Heres the relevant compute shader code:

#define LOCAL_WG_SIZE 128u
const float PI = 3.1415926535897932384626433832795;
const float RAY_LENGTH = 256.0f;

// get the number of the current thread (0...1608)
uint renderNodeNum = local_coords;
// get the endpoint of the ray, it will be on a circle
endPoint.x = int(RAY_LENGTH * sin(float(renderNodeNum) * PI / 1024.0f)) + lightPos.x;
endPoint.y = int(RAY_LENGTH * cos(float(renderNodeNum) * PI / 1024.0f)) + lightPos.y;

// vector approximation.

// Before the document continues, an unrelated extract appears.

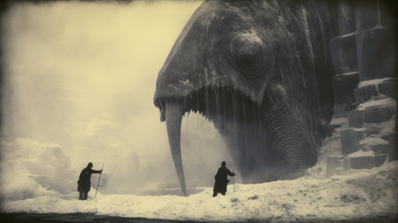 two men walking in front of an enormous walrus, captured in a mesmerizing experimental cinematography style. this lovecraftian scene features a stunning matte painting backdrop, showcasing the influence of mono-ha art movement. the high resolution image beautifully captures the snowy surroundings, leaving viewers in awe of its breathtaking beauty. ai generated
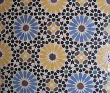 The patio is distinguished by a paving in white marble encrusted with black marble; it is framed by porticos which each have five broken oversized arches made of stone paired with ocher shellstone.[3] The arches rest on columns of white marble whose capitals are Hafsid or Hispano-Moorish.[4] The hypostyle-type prayer room is divided into three naves parallel to the wall of the qibla.[1][3] The whole building, including the zaouia and its outbuildings, covers a total area of almost 2,700 square metres (29,000 sq ft).[1]

Works, but has moire artifacts.
// I've also tried Bresenham's line algorithm, but it leaves a cross shape as the light fades which looks ugly.
vec2 dt = normalize(vec2(endPoint - lightPos));
vec2 t = vec2(lightPos);
for (int k = 0; k < RAY_LENGTH; k++) {
    coords.x = int(t.x);
    coords.y = int(t.y);

    // calculate transparency
    transpPixel = imageLoad(transpTex, coords);   
    currentAlpha = (transpPixel.b + transpPixel.g * 10.0f + transpPixel.r * 100.0f) / 111.0f;
    // calculate color
    colorPixel = imageLoad(colorTex, coords);
    lightRay.rgb = min(colorPixel.rgb, lightRay.rgb) - (1.0f - currentAlpha) - transmit; 
    currentOutPixel = imageLoad(img_output, coords);
    currentOutPixel.rgb = max(currentOutPixel.rgb, lightRay.rgb);
    currentOutPixel.a = lightRay.a;
    // write color
    imageStore(img_output, coords, currentOutPixel);

    t += dt;
}

Heres is how it looks:

Moire artifacts

Another example with coloured background that shows light propagation, with the same artifacts:

same Moire artifacts here too

So I need a better algorithm to draw these light rays (or any other method that is highly parallellizable on a compute shader) that does not leave out some pixels (the black spots in the pic). I could oversample the lightray (for example shoot twice as many rays), but this would be very expensive, there must be a cheaper solution.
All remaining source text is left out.